Cascade of Attacks: From IT and OT to Patient Care

Cybercrime,
Fraud Management & Cybercrime,
Fraud Risk Management

Trellix Reports Email and Identity Failures as Key Vectors in Healthcare Cybersecurity Incidents

Report: Attacks 'Cascade' From IT, OT to Patient Care
According to a recent Trellix report, cyber incidents involving non-clinical IT systems and operational technology (OT) can negatively influence patient care workflows and outcomes. (Image: Getty Images)

A report from cybersecurity firm Trellix reveals that email phishing, identity failures, and device vulnerabilities were the predominant vectors for non-clinical IT compromises in healthcare IT environments last year. Such breaches are said to “cascade” into disruptions in patient care workflows, leading to substantial financial losses, estimated at nearly $2 million per day.

Of the 54.7 million threats detected by Trellix across its global healthcare clientele, approximately 75% originated from organizations based in the United States. Notably, email incidents, particularly phishing-related, accounted for over 85% of these detections.

Anne An, principal threat intelligence analyst at Trellix, emphasized that the most significant weaknesses lie in email and identity management failures, outdated medical devices, and a lack of visibility into lateral movements and data exfiltration. These vulnerabilities allow attackers entry into clinical environments, posing risks that evolve into patient safety crises.

The response to ransomware and other cyber incidents often necessitates a complete shutdown of IT systems, which inhibits clinicians from accessing critical patient records. Trellix highlighted that some healthcare organizations may incur costs upwards of $9,000 per minute due to these outages, resulting in significant operational downtime averaging over 17 days for each incident.

The repercussions extend beyond financial losses. A study conducted by researchers at the University of California, San Diego, revealed that ransomware attacks can adversely impact patient outcomes, particularly for cardiac arrest and stroke patients. Those diverted from affected hospitals may experience delays in care, exacerbated by increased caseloads at nearby facilities.

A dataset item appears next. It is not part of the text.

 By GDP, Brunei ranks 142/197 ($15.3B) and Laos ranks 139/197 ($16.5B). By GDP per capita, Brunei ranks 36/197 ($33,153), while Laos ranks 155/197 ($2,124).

Emerging Trends in Cybersecurity

Trellix also noted a troubling increase in incidents involving data theft and extortion. Attackers are moving towards what is termed “triple extortion,” which may include direct harassment of patients. The firm reported that “extortion-only” hacks represented 12% of healthcare attacks in 2025, marking a dramatic 300% rise since 2023. Meanwhile, the average ransom payment dropped to $150,000.

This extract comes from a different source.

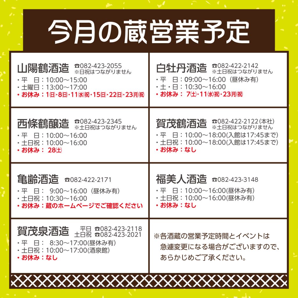 今月の酒蔵営業予定(西条の7つの酒蔵)

Among the active cybercriminal groups are Qilin, Inc., and DevMan2, the latter being a former affiliate of IncRansom and RansomHub. As of April 2025, DevMan2 reportedly had 174 victims, noted for its substantial data exfiltration efforts, with individual breaches yielding between 200 to 300 gigabytes of stolen patient data.

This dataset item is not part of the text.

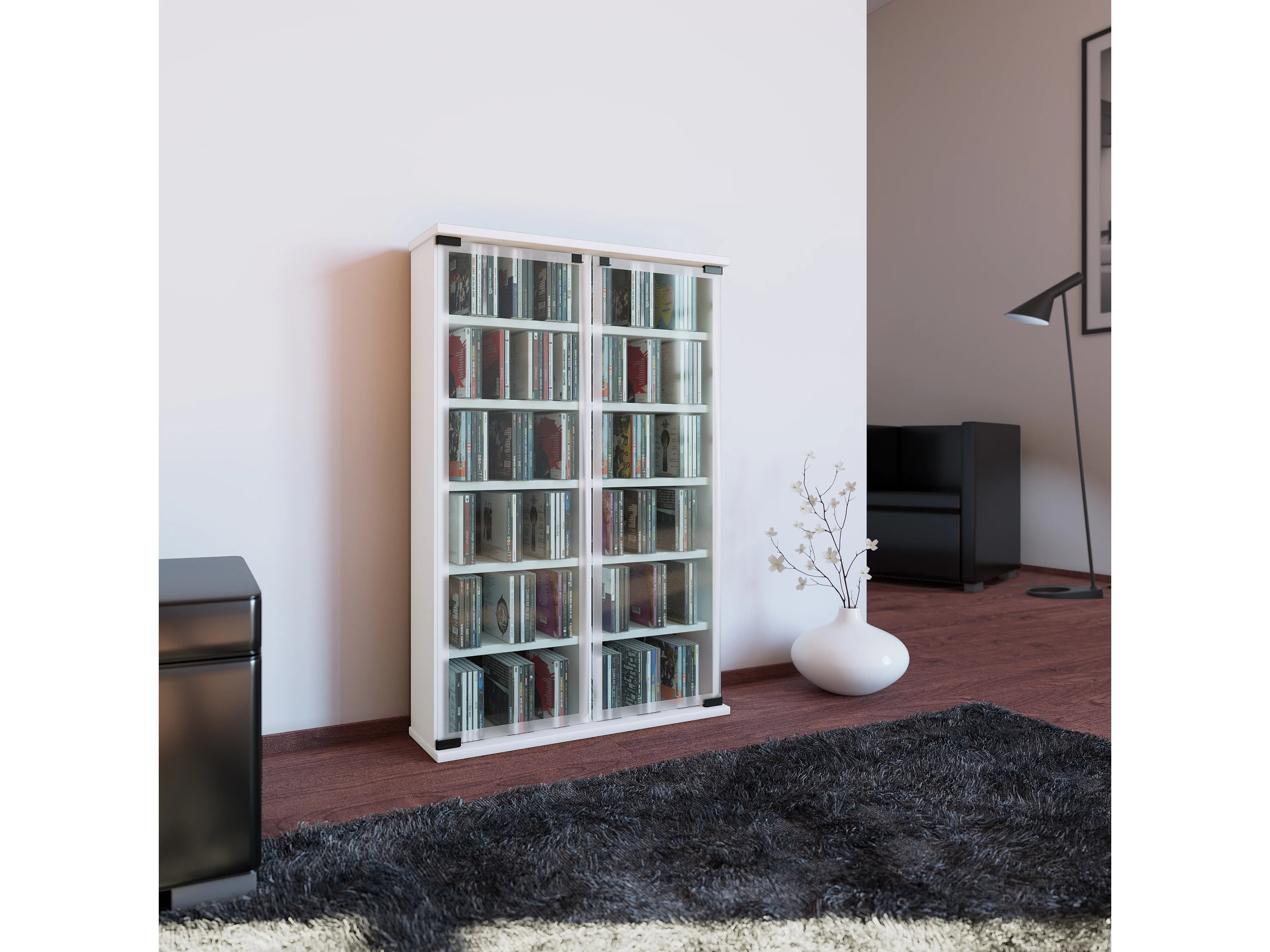 Drewno CD DVD Stand Shelf Gallery Drzwi szklane

Looking to the future, An predicts that patient extortion tactics will grow more prevalent and personal. “Quiet breaches” are expected to outstrip more disruptive ransomware attacks, as adversaries leverage the element of stealth to enhance their bargaining power.

To combat these escalating threats, healthcare organizations must adopt security strategies informed by patient safety imperatives and driven by threat intelligence. Such strategies should integrate people, processes, and technology across IT, clinical, and OT environments. The prioritization of email and identity security, along with the implementation of phishing-resistant multifactor authentication and stringent access control, can mitigate risks before breaches occur.

Additionally, segmentation of IT, clinical, and OT networks will help contain potential lateral movements and cascading failures. Enhancing visibility through endpoint and network monitoring systems is equally crucial to identify anomalies and detect exfiltration early.

Addressing known vulnerabilities and actively managed Common Vulnerabilities and Exposures (CVEs) remains vital. If patching is unfeasible, compensatory controls must be employed, including isolating affected systems and monitoring for unusual behavior. Moving forward, email and identity will likely remain primary attack vectors, compounded by the persistent risks posed by outdated medical devices.